Court Opinion

ID: 9315490
Source: CourtListenerOpinion
Date Created: 2022-12-02 17:44:55.144485+00
Date Added: 2024-06-11T17:14:19.898960
License: Public Domain

SAND, J.,
This matter arises out of a petition to confirm an arbitration award entered in an action on the uninsured motorist provision of petitioner’s policy with respondent. Though the arbitrator evaluated the claim of husband-petitioner to be $29,000 and the claim of his wife to be $71,827, the award was limited to $10,000 on each claim by the extent of coverage provided. In the meantime, an action in trespass was instituted in the Court of Common Pleas of Delaware County by petitioners against the tortfeasor. The parties having disagreed on the provisions of a trust receipt required by respondent prior to payment, the petitioners instituted this action *596to confirm the arbitrator’s award and order payment. After argument, the court ordered, December 10, 1969, that respondent submit to petitiofiers a form of trust receipt providing, in part:
“In the event of a recovery by the undersigned, the company shall be reimbursed out of such recovery to the extent of the payment made to the undersigned for which this is a receipt, limited however, to the amount, if any, by which said recovery (less reasonable attorneys’ fees and expenses related thereto) added to the said payment exceeds the damages suffered by undersigned caused by the said uninsured automobile, as said damages may be determined by verdict rendered in a court of law.”
The court further ordered that the revised trust receipt be tendered to petitioners within 20 days of the order, their execution of it to entitle them to prompt payment of the awards. This order was confirmed and affirmed January 28, 1971, after reargument. Respondent’s appeal has made this opinion necessary.
The order appealed from is based on these principles of insurance and subrogation: (1) When an insured recovers from the wrongdoer an amount which, together with the amount already received from the insurer, exceeds the loss actually sustained, he holds the excess as trustee for the insurer; (2) the excess is the balance remaining only after full compensation for the loss sustained, including the costs and expenses of making the recovery: Aetna Insurance Co. v. Confer, 158 Pa. 598; Washtenaut Mut. Fire Ins. Co. v. Budd, 208 Mich. 483, 175 N.W. 231 (1919).

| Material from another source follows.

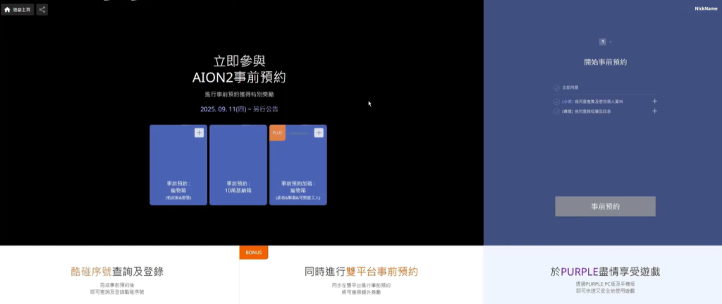 我们以台服为例进入服务器后,先随意选择一个阵营,接着在页面左侧找到事前预约的入口。点击进入预约页面,在右上角选择免费注册账号。
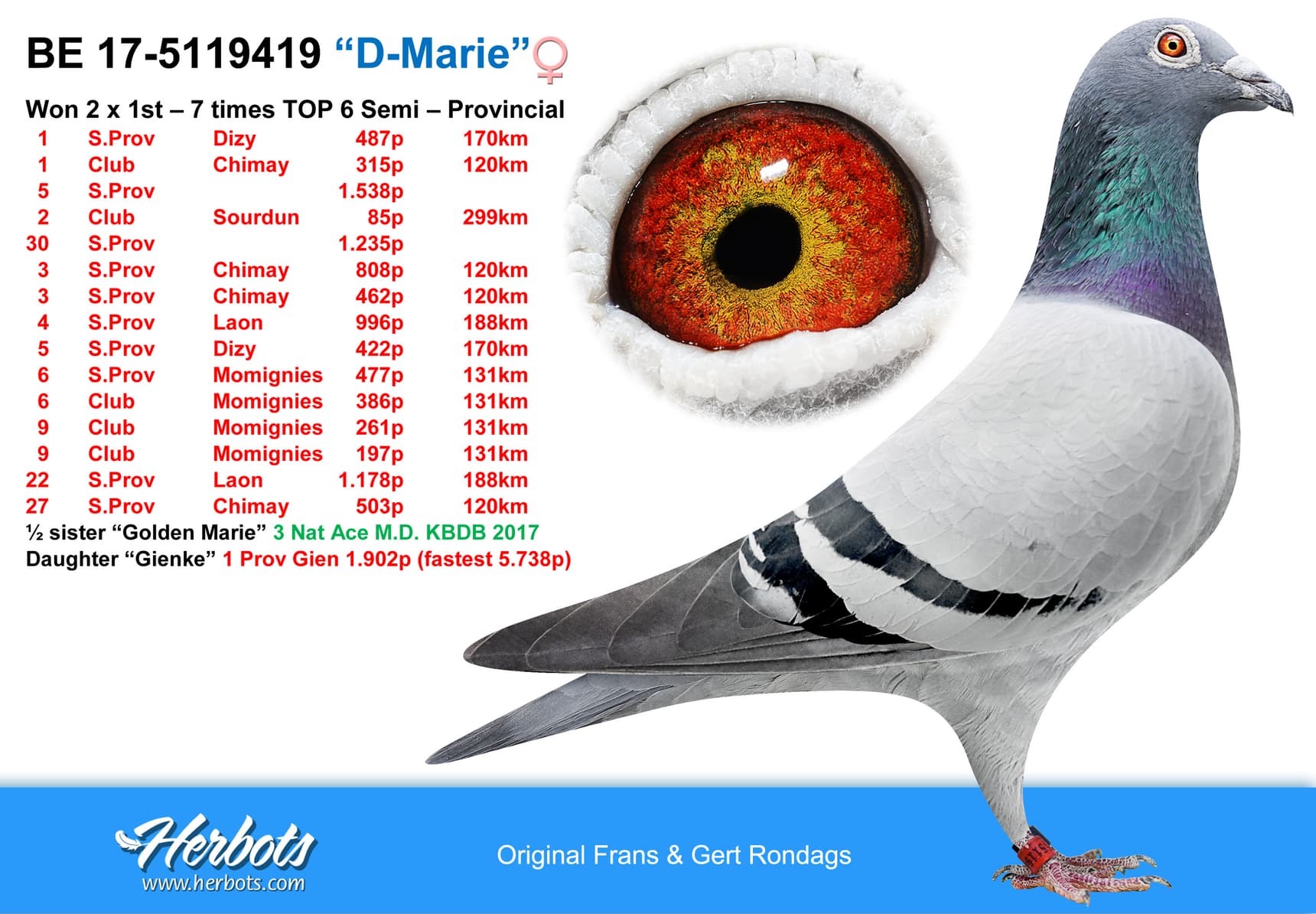 Her father is “Brothr First Lady” and her mother is “Martine”. Is herself 3rd National Ace bird Middle distance KBDB 2014 and became the year before 3rd Provincial Ace bird Middle distance KBDB 2013

To the extent that the policy language provided by respondent denigrates the right of the insured to be fully compensated before the insurer is subrogated, we hold that such language is repugnant to the Act of *597August 14, 1963, P. L. 909, 40 PS §2000 (mandating the inclusion of uninsured motorist coverage of no less than $10,000 per person and $20,000 per accident in all automobile liability insurance policies issued in Pennsylvania) and is, therefore, of no effect: Harleysville Mutual Casualty Co. v. Blumling, 429 Pa. 389; White v. Nationwide Mut. Ins. Co., 361 F.2d 785; Bryant v. State Farm Mut. Ins. Co., 205 Va. 897, 140 S.E. 2d 817 (1965).